I thought this would be cool for a game played primarily on a horizontal plane- like a rotate and thrust thing, tank game etc. You can change the horizontal fov so it goes up to very large numbers. I capped it to 500 degrees. 180 degrees you can't do with an ordinary perspective camera, and approaching this you get nasty stretching at the edges. With the cylindrical camera you don't. You can go up to 360 degrees and beyond.
In latest version i have tried to make the equations generalised
and have provided comments so that you can change the parameters easily, like number of cameras, display mode, letterboxing etc, and hopefully be able to stick it into a game.
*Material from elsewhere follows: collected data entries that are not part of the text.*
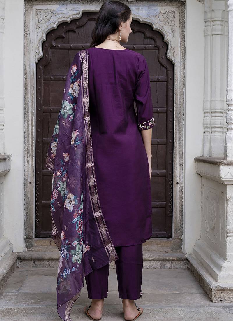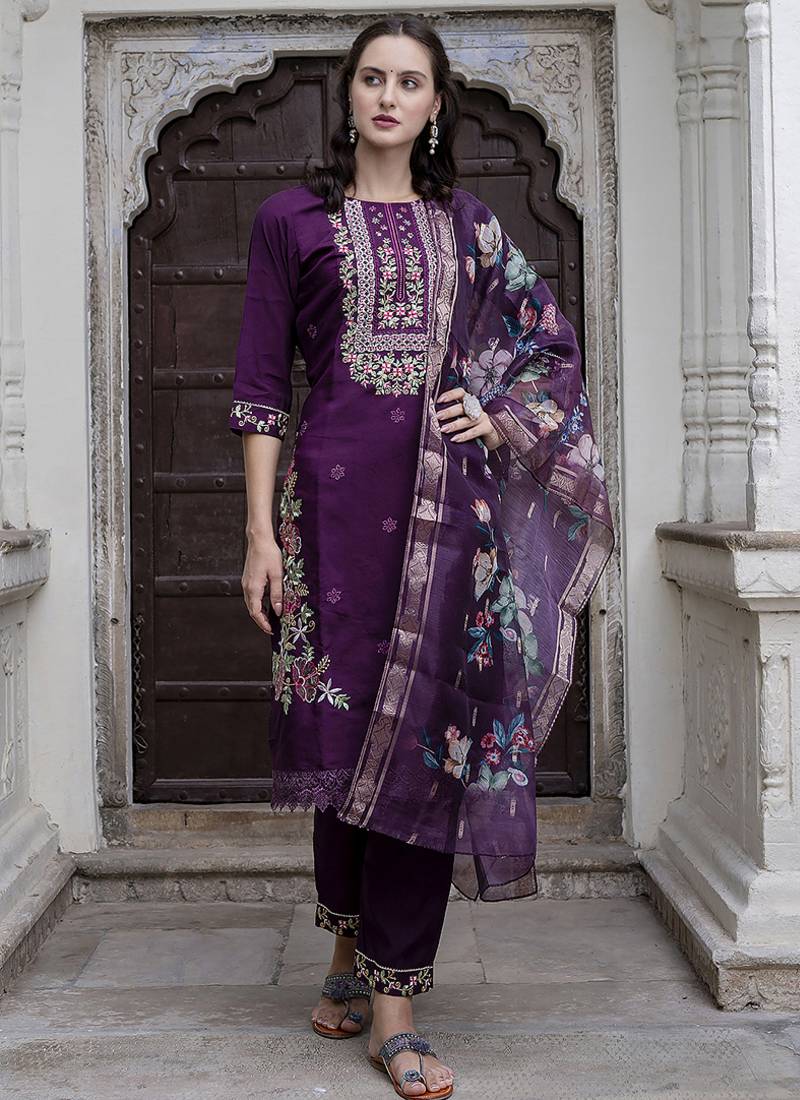 | Product Description | Viscose Roman Silk Deep Purple Ocassional Wear Embroidery Work Readymade Salwar Suit |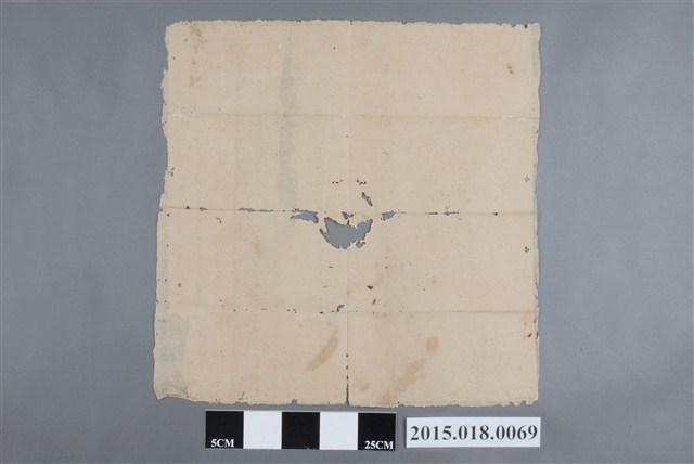 乾隆22年3月,蔡捷立賣契,以時價番銀218圓賣出新化里的土地。契約右上方有「驗訖」兩大紅字。紙有托裱過,仍遭蟲蛀損害。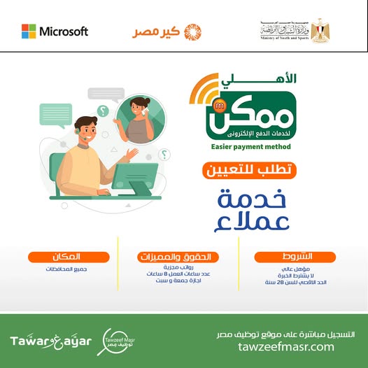 فرصة للتعيين بشركة الأهلى ممكن لخدمات الدفع الالكترونى

I think it would be interesting in a first person shooter. A person has a perhipheral field of vision of over 180 degrees horizontally, and you don't normally get this in games, but you can do it with this. However, a person cannot look DIRECTLY at something 90 degrees to the side without turning their head, but you can with this. Try "peeking" around the corner of a box, or going through the line- you can check to the side without moving the mouse.
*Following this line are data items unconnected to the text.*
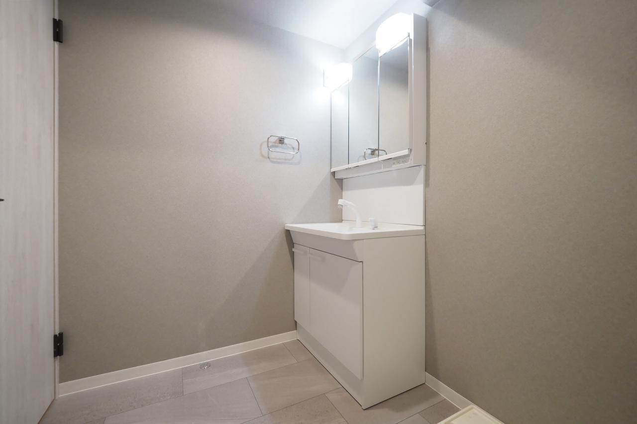 シックで落ち着きのある印象に仕上げたサニタリールーム。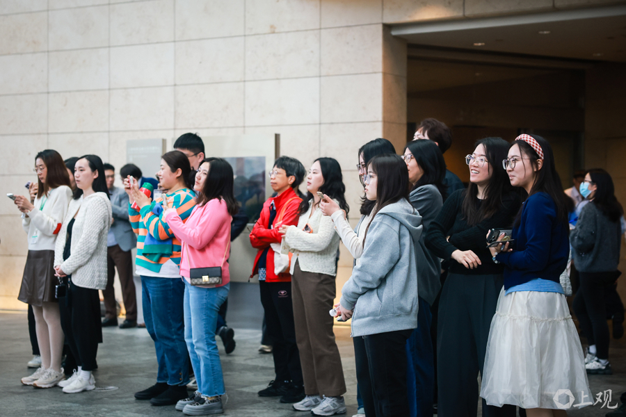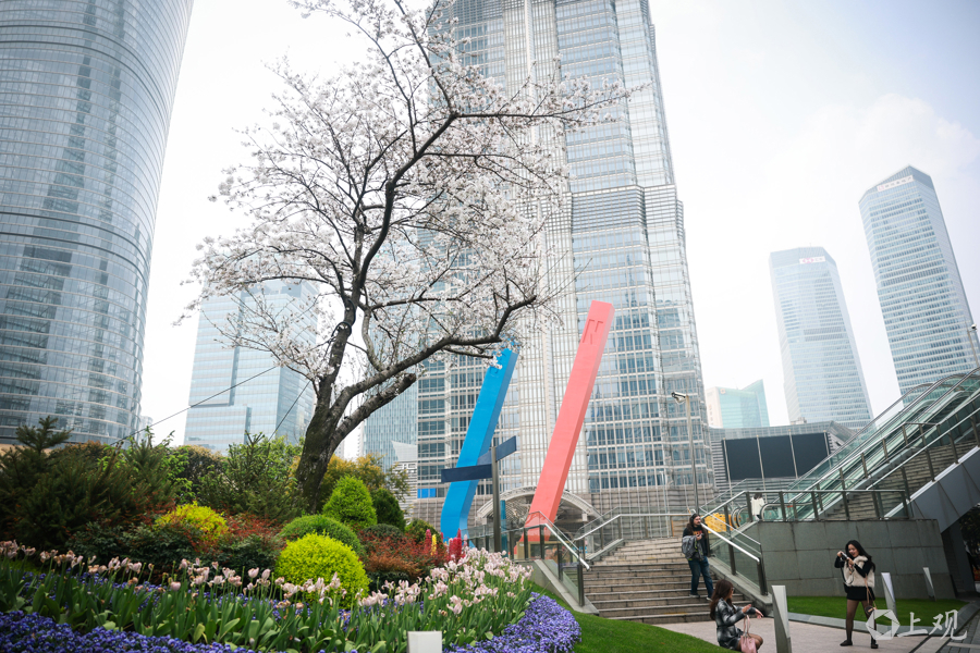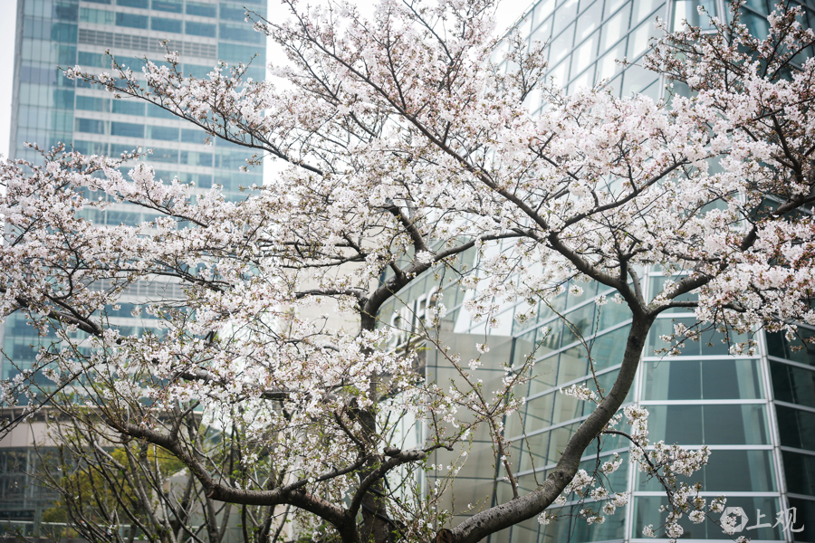 正值樱花盛放期,世纪大道与东泰路两侧12株染井吉野樱如绯云般绚烂,吸引众多市民游客驻足打卡,尽享申城春日浪漫。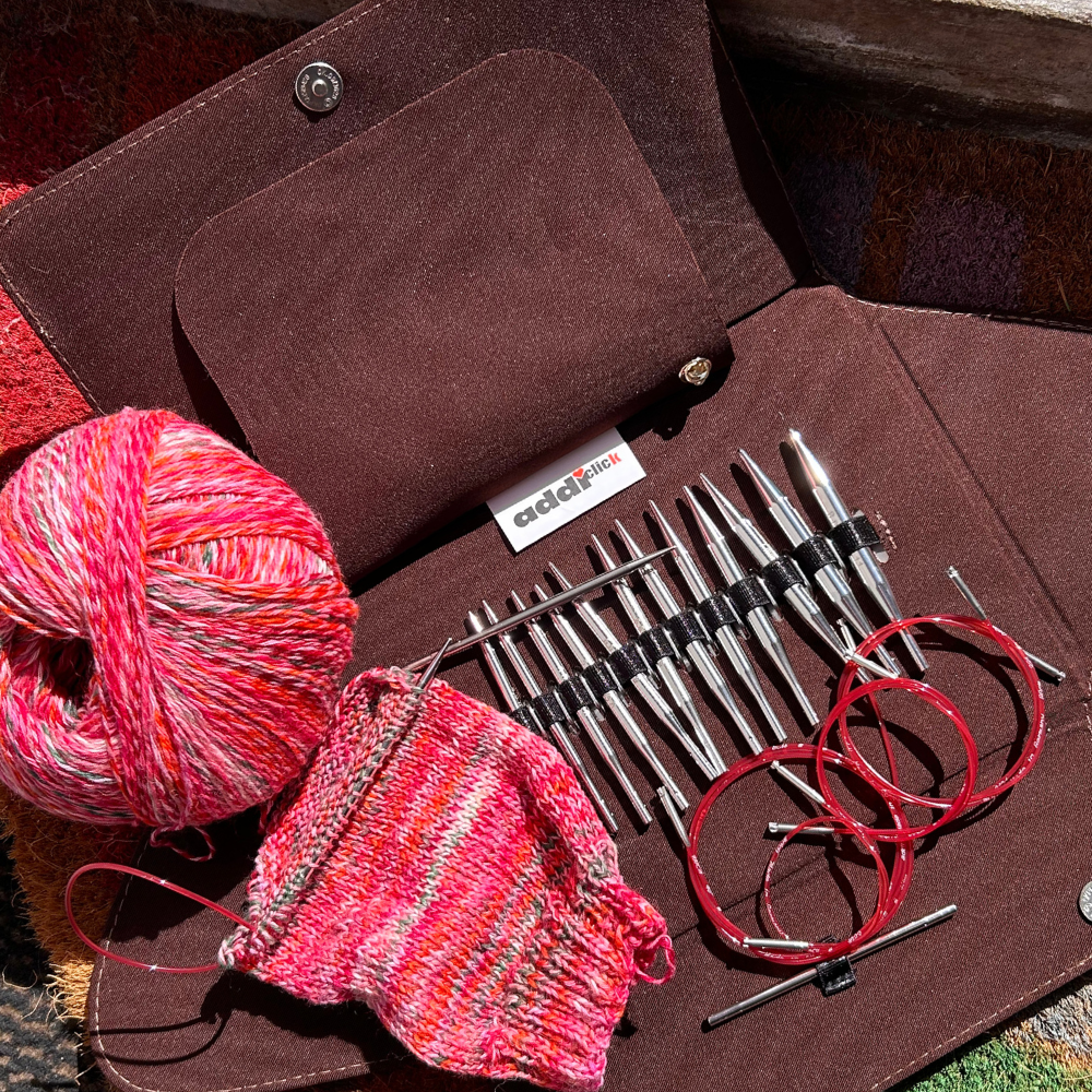 This set includes eight tip sizes, from 3.5mm to 8.0mm, covering most lace and accessory projects. With five addi cords ranging from 40cm to 100cm, there is plenty of flexibility for different styles of knitting. The connectors allow cords to be extended for larger pieces, and the addiClick system ensures that switching between tips and cords is quick, secure and snag-free.

Obviously the more cameras, the less "bumpy" stuff looks (straight lines instead of looking like curved lines look like kinked lines). 10 seems like enough cameras below 180 degrees or so. I figure too many cameras might make it run slow. I haven't experienced significant slowdown, but then my test scene is quite uncomplicated.
I attach a zip with the exe and the source and media. It's 1.9 megs.
Mouselook and mouseclick to move. Arrows to change the angular range. Other parameters can be changed at the start of the prog without too much difficulty i hope.
I'd like to have a spherical camera too, and you can't really do that practically this way. Hope someone finds this useful/interesting.